Part 1: 1986
I attended a small Division III college in Minnesota (Carleton) without athletic scholarships. We were all students first, and competed simply for the love of the sport. For most of my college career, a trip to the Drake Relays was not on my radar. Some years our sprinters were competitive enough that our coach would enter a 4 x 100, 4 x 400, or a sprint medley team, but we distance runners would have been out of our element in the heightened atmosphere of such a exclusive meet.
But near the end of my senior season, Coach Bill Terriquez surprised me and other senior milers with a chance to run the University and College 4 x 1600-Meter Relay at Drake. It was a nice gesture; a “gift” to us for our four years of dedication to the track program. We would certainly not be in the running for a podium finish. We would probably finish near the back of the pack, perhaps even bringing up the rear. But it was an exciting opportunity, and we knew we would give it our best shot, and possibly run the races of our lives in front of a packed stadium.
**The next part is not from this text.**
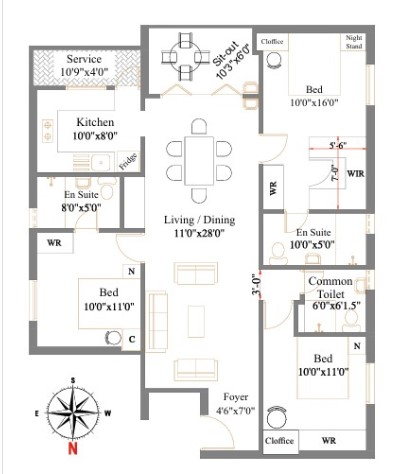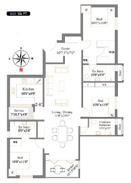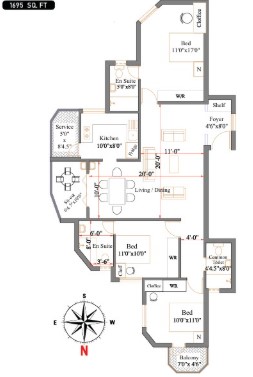 Unit sizes of the Rajmeena Paradise ranges from 1537 - 1695 Sq.Ft .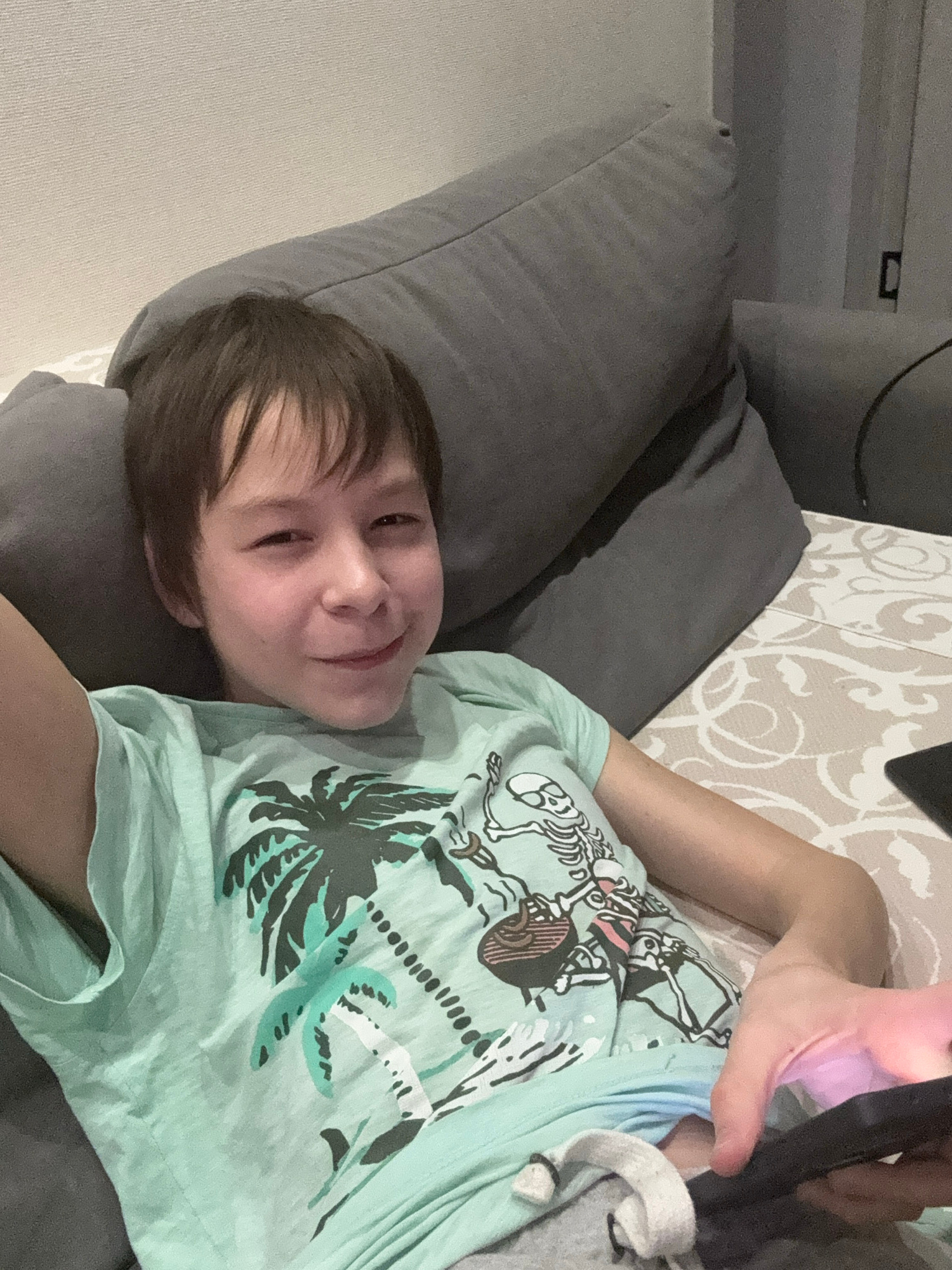 A young boy is lying on a gray couch with decorative pillows in what appears to be an indoor setting. He is wearing a light green T-shirt with a tropical and skull design. The boy is smiling and seems…read more

The sprinters and the milers piled into one of the college vans and set off south toward Des Moines, settling into our hotel and soaking up the atmosphere as the city buzzed with excitement about one of its biggest events of the year. In the morning we milers headed out for an easy run through town to loosen up. We merged in with a large group of runners heading along one of the main streets, only noticing after a block or two that they were all wearing race bibs. We had accidentally crashed a local road race! We sheepishly turned away from the race course and continued our run on quieter streets.
On race day (sunny and around 80 degrees), the stadium was a flurry of activity. We picked up our race packets and stayed out of the sun in the adjacent gym. I was used to getting nervous before races, but my adrenal glands were on especially high alert this time as the crowd roared in response to every event outside.
Finally it was time for our race to begin. Drake Stadium is a big bowl, with grandstands almost completely circling the track, the seats almost reaching ground level. The crowd is right on top of the runners, and you can see and hear them throughout the race, a colorful, roaring blur that never dissipates. I was our second runner, so the nervousness continued well past the starting gun.
As anticipated, we quickly fell into a spot near the back of the pack, but our runner was at or close to PR pace, and just being at such an historic meet was reward enough. Then it was time for me to line up and await the handoff from my teammate. I tried not to let the deafening crowd and colorful scene overwhelm me and lure me into a overly optimistic pace, and I was mostly successful. I ended up passing two other teams during my leg and coming close to a mile PR by the time I staggered home to hand off to our third runner, so I was happy with my performance.
Our final two runners gave it their all and also came close to PRs. Although we finished last of 43 teams by 4 seconds (two minutes behind 1st place Indiana University), we had still averaged 4:34 pace, and we were proud of our effort and grateful to be able to compete on such an amazing stage.
Later, outside the stadium, I bought a T-shirt from one of the street vendors, because I knew this would be one race I would never forget. Back at Carleton, one of the sprinters and I headed straight from the van to our mailboxes. Among my mail was a note informing me that my thesis had passed “with distinction”. That news capped off a great weekend. My sprinter friend congratulated me. I was ready to graduate!